Support LDAP paging control #41

bishopb opened this issue Apr 13, 2016 · 14 comments

Comments

@bishopb
Copy link

bishopb commented Apr 13, 2016

Originally requested at zendframework/zendframework#2780. Now that ZF requires PHP 5.5, we can rely on ldap_control_paged_result to send the paging control option and consume all entries. It's simply a matter of implementing it within the API.

A straightforward way that returns a complete array after pulling all pages follows. This solution improves on a similar one posted on SO, by reusing the base methods as much as possible. However, I feel that:

  • This is hackish. It jumps through hoops to access the result ID and it conflates the idea of "desired maximum number of entries" (sizelimit) with "number of entries to request per page".
  • A final solution should include an Iterator for pages, with an InnerIterator for entries.

Unfortunately, I've not had luck with a design that addresses these concerns. Ideas welcome.

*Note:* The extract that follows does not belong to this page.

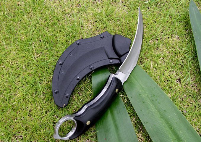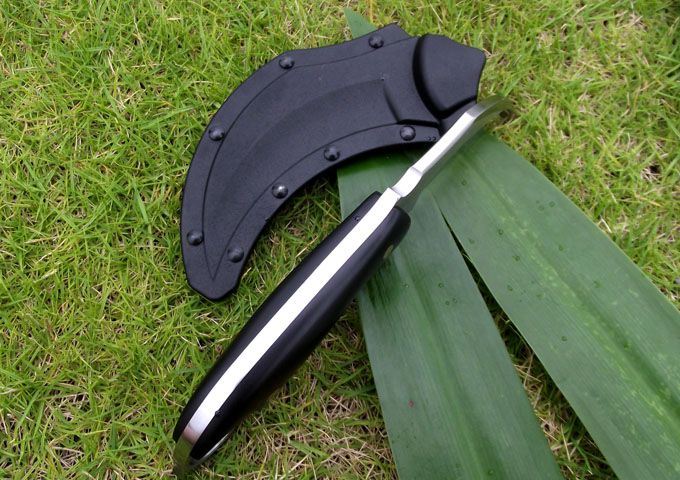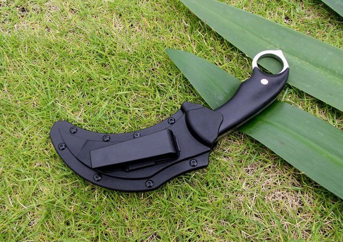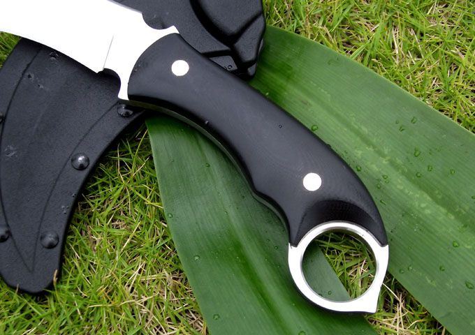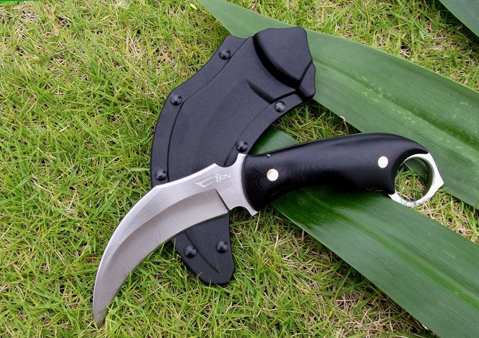 利刃坊-獠牙爪子(獠刃2) 全 长:190mm 刃 长:80mm 柄 长: 110mm 刃 厚:4.5mm 刃 材:440CH 硬 度:60HRC 刀 柄:G10 表 面:砂光 净 重: 克 皮套重: 克 重 量: 备 注: 真空二次热处理

    public function searchAllEntries(
        $filter, $basedn = null, $scope = self::SEARCH_SCOPE_SUB,
        array $attributes = [], $sort = null, $collectionClass = null,
        $sizelimit = 0, $timelimit = 0
    )
    {
        // calculate page size, then remove it from the filter as we need
        // ldap_search to grab as many as it can, per page
        $pagesz = ($filter['sizelimit'] ?: ($sizelimit ?: 500));
        unset($filter['sizelimit']);

        // run the loop, grabbing pages
        $ldap   = $this->getResource();
        $result = [];
        $cookie = '';
        ErrorHandler::start(E_WARNING);
        ldap_set_option($ldap, LDAP_OPT_PROTOCOL_VERSION, 3);
        do {
            ldap_control_paged_result($ldap, $pagesz, true, $cookie);

            // run the search and add in the results
            $collection = $this->search(
                $filter, $basedn, $scope, $attributes, $sort, $collectionClass,
                null, // no size limit: we need maximum per page
                $timelimit
            );
            $result = array_merge($result, $collection->toArray());

            // get that pesky search result resource handle, which is a
            // private member of the collection's inner iterator
            $inner = $collection->getInnerIterator();
            $steal = function (DefaultIterator $it) { return $it->resultId; };
            $steal = \Closure::bind($steal, null, $inner);
            $entry = $steal($inner);

            // get the next page cookie
            ldap_control_paged_result_response($ldap, $entry, $cookie);
        } while (! empty($cookie));

        // ensure that subsequent reads don't attempt to use paging
        ldap_control_paged_result($ldap, 0);
        ErrorHandler::stop();

        return $result;
    }
@heiglandreas
Copy link
Member

I find this approach rather difficult as it queries all search results from an LDAP server. As that might easily be multiple thousands of entries that have to be handled in memory I'd rather not encourage use of this scenario! In my eyes getting that many results shows that you should refine your search criteria.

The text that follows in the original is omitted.